◆ Task prompt:
Type the data below again exactly. Omit all pictures.

◆ Raw data:
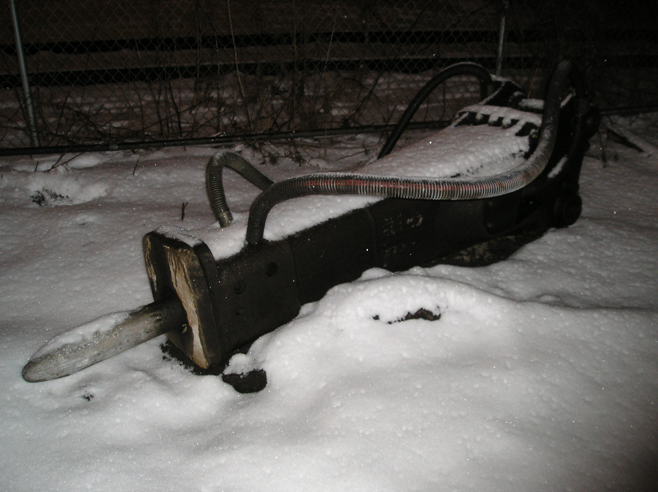 A giant's creepy sex toy. Or possibly an abandoned jackhammer.
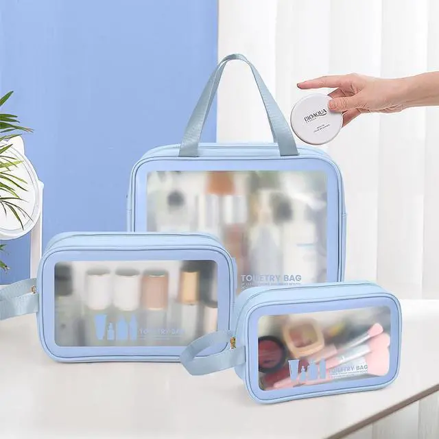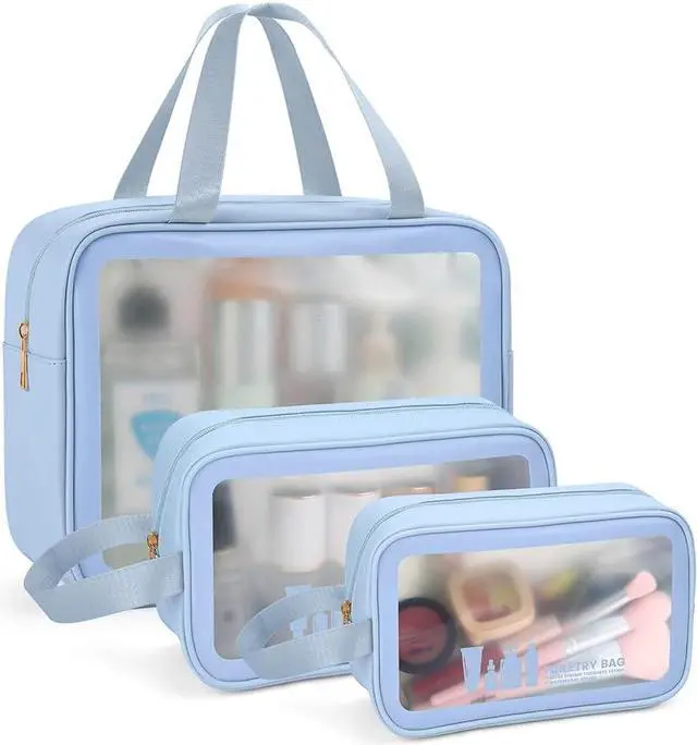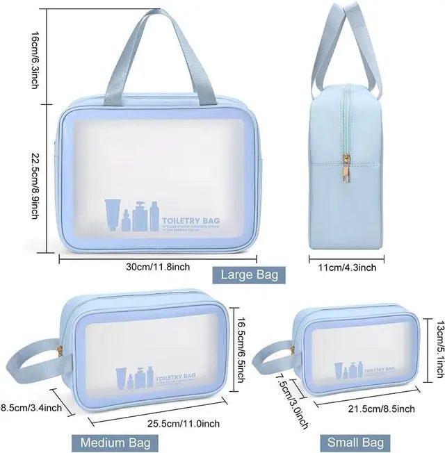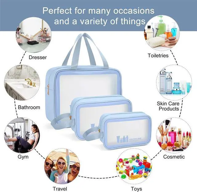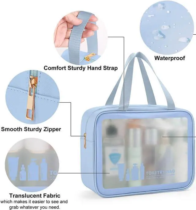 SUPERIOR MATERIAL: These travel toiletry bags are made of PU material, eco-friendly, Sturdy, and waterproof. Design with translucent material and a large opening zipper, allows you to see what is stored and where it is and making it convenient to pack and save time to find what you need
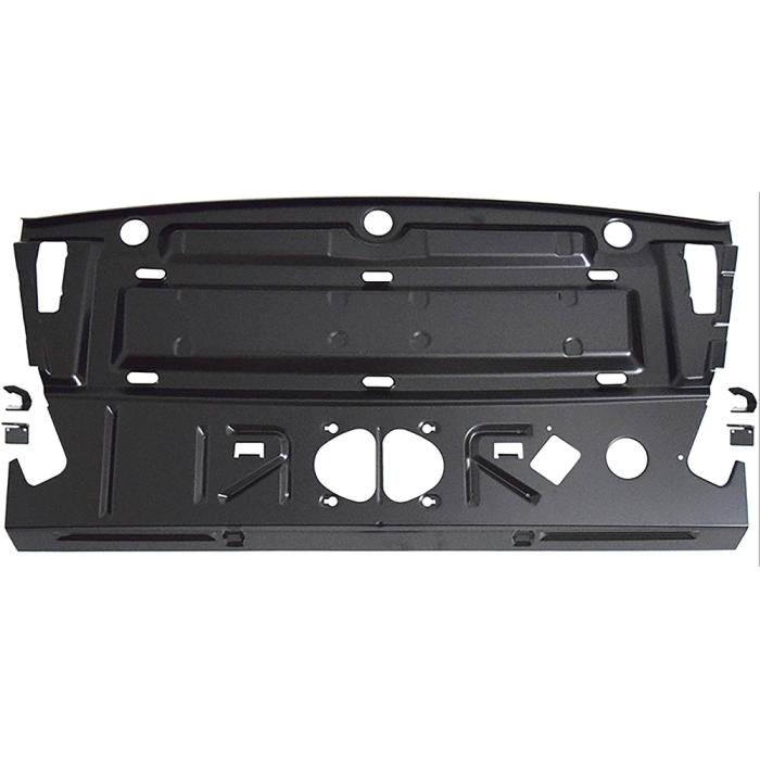 Reproduction package tray panel for 1966-67 Chevelle and Malibu 2-door hardtop models. Manufactured from quality stamped steel to factory specifications, this panel is located beneath the rear window and forms the base for the rear package tray. Designed to restore original fit, structure, and appearance, while providing mounting provisions for optional accessories. Features correct factory-style contours and details for OE authenticity. Finished in black EDP coating for rust and corrosion resistance.
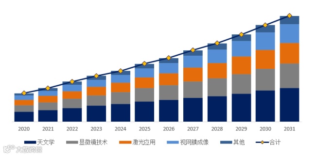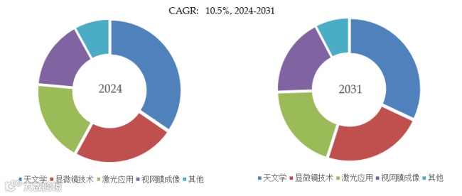 就产品应用而言,目前天文学是最主要的需求来源,占据大约34.6%的份额。

◆ Expected output:
 A giant's creepy sex toy. Or possibly an abandoned jackhammer.
 SUPERIOR MATERIAL: These travel toiletry bags are made of PU material, eco-friendly, Sturdy, and waterproof. Design with translucent material and a large opening zipper, allows you to see what is stored and where it is and making it convenient to pack and save time to find what you need
 Reproduction package tray panel for 1966-67 Chevelle and Malibu 2-door hardtop models. Manufactured from quality stamped steel to factory specifications, this panel is located beneath the rear window and forms the base for the rear package tray. Designed to restore original fit, structure, and appearance, while providing mounting provisions for optional accessories. Features correct factory-style contours and details for OE authenticity. Finished in black EDP coating for rust and corrosion resistance.
 就产品应用而言,目前天文学是最主要的需求来源,占据大约34.6%的份额。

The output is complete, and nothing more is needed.